Preferential effects of the chemotherapeutic DNA crosslinking agent mitomycin C on inducible gene expression in vivo

The immediate effects of a single dose of the chemotherapeutic DNA crosslinking agent, mitomycin C (MMC), on the expression of several constitutive and drug-inducible genes were examined in a simple in vivo system, the 14 day chick embryo. We observed no effect of MMC on the steady-state mRNA expression of the constitutively expressed beta-actin, transferrin, or albumin genes. In contrast, MMC treatment significantly altered both the basal and drug-inducible mRNA expression of two glutethimide-inducible genes, 5-aminolevulinic acid (ALA) synthase and cytochrome P450 CYP2H1. The basal expression of these genes was transiently but significantly increased over a 24 hr period following a single dose of MMC. Conversely, MMC significantly suppressed the glutethimide-inducible expression of these genes when administered 1 to 24 hr prior to the inducing drug. The effects of MMC on both basal and drug-inducible ALA synthase and CYP2H1 mRNA expression were principally a result of changes in the transcription rates of these genes. In contrast, MMC treatment had little or no effect on glutethimide-induced expression of ALA synthase or CYP2H1 when administered 1 hr after the inducing drug, suggesting that a very early event in the induction process represents the target for these MMC effects. Covalent binding studies demonstrated that the effects of MMC on gene expression were closely correlated temporally with formation of [3H]-porfiromycin-DNA adducts. These results support the hypothesis that genotoxic chemicals specifically target their effects to inducible genes in vivo.

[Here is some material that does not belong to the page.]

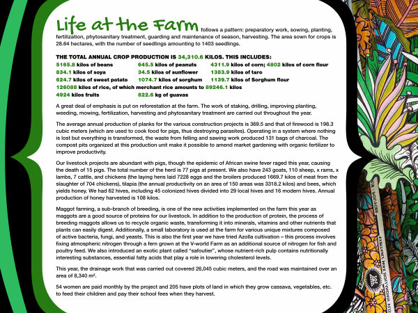 Maggot farming, a sub-branch of breeding, is one of the new activities implemented on the farm this year as maggots are a good source of proteins for our livestock. In addition to the production of protein, the process of breeding maggots allows us to recycle organic waste, transforming it into minerals, vitamins and other nutrients that plants can easily digest. Additionally, a small laboratory is used at the farm for various unique mixtures composed of active bacteria, fungi, and yeasts. This is also the first year we have tried Azolla cultivation – this process involves fixing atmospheric nitrogen through a fern grown at the V-world Farm as an additional source of nitrogen for fish and poultry feed. We also introduced an exotic plant called“ safoutier”, whose nutrient-rich pulp contains nutritionally interesting substances, essential fatty acids that play a role in lowering cholesterol levels.
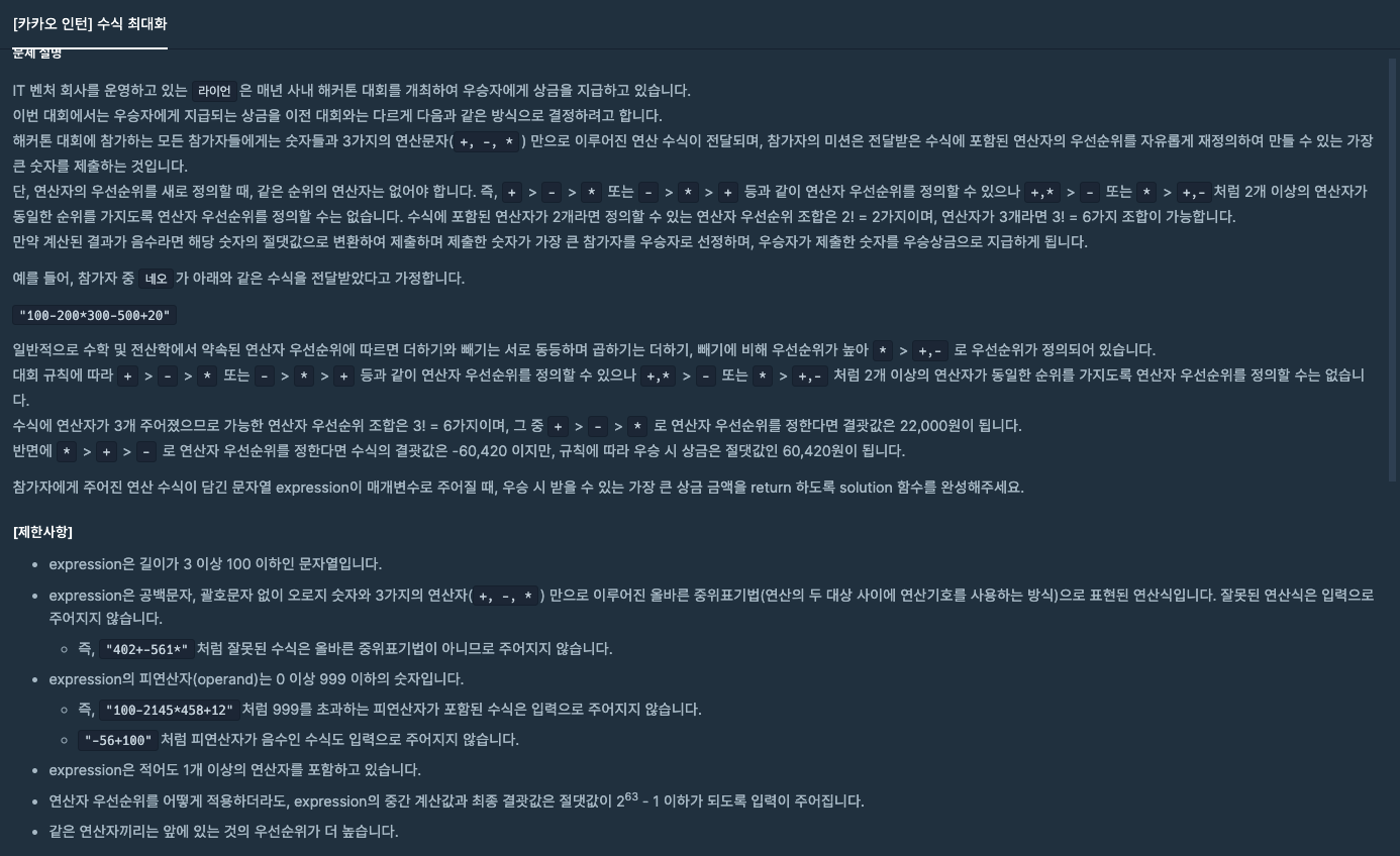 프로그래머스 level 2 수식 최대화 -> programmers.co.kr/learn/courses/30/lessons/67257 코딩테스트 연습 - 수식 최대화 IT 벤처 회사를 운영하고 있는 라이언은 매년 사내 해커톤 대회를 개최하여 우승자에게..

Effects of the genotoxic carcinogen chromium(VI) on basal and hormone-inducible phosphoenolpyruvate carboxykinase gene expression in vivo: correlation with glucocorticoid- and developmentally regulated expression

Previous studies have shown that a number of different genotoxic carcinogens that induce different types of DNA damage preferentially alter the expression of inducible genes in vivo. To investigate further the mechanistic basis for these effects, we examined the effects of the human lung carcinogen chromium(VI) on expression of the hormone-inducible cytosolic phosphoenolpyruvate carboxykinase (PEPCK) gene in chick embryo liver. Chromium(VI) pretreatment had significant effects on both basal and glucocorticoid-inducible PEPCK expression in 14-d-old embryo liver. These effects were principally a result of changes in PEPCK transcription. In contrast, treatment with chromium(VI) 1 h after treatment with glucocorticoid had no effect on PEPCK induction, suggesting that an early event in the induction process is the target for carcinogen effects. In 16-d-old liver, in which PEPCK expression is no longer responsive to glucocorticoid induction, both basal and inducible PEPCK expression were also refractory to chromium(VI) effects, indicating that carcinogen responsiveness is a phenotypic rather than an inherent property of inducible genes and is related to their competence for induction. Chromium(VI) had no effect on cAMP induction of PEPCK expression, demonstrating that carcinogens target their effects to specific regulatory pathways. Comparison of the effects of chromium(VI) with those of cycloheximide suggests that chromium(VI) targets its effects to a labile, constitutively expressed repressor involved in PEPCK gene regulation.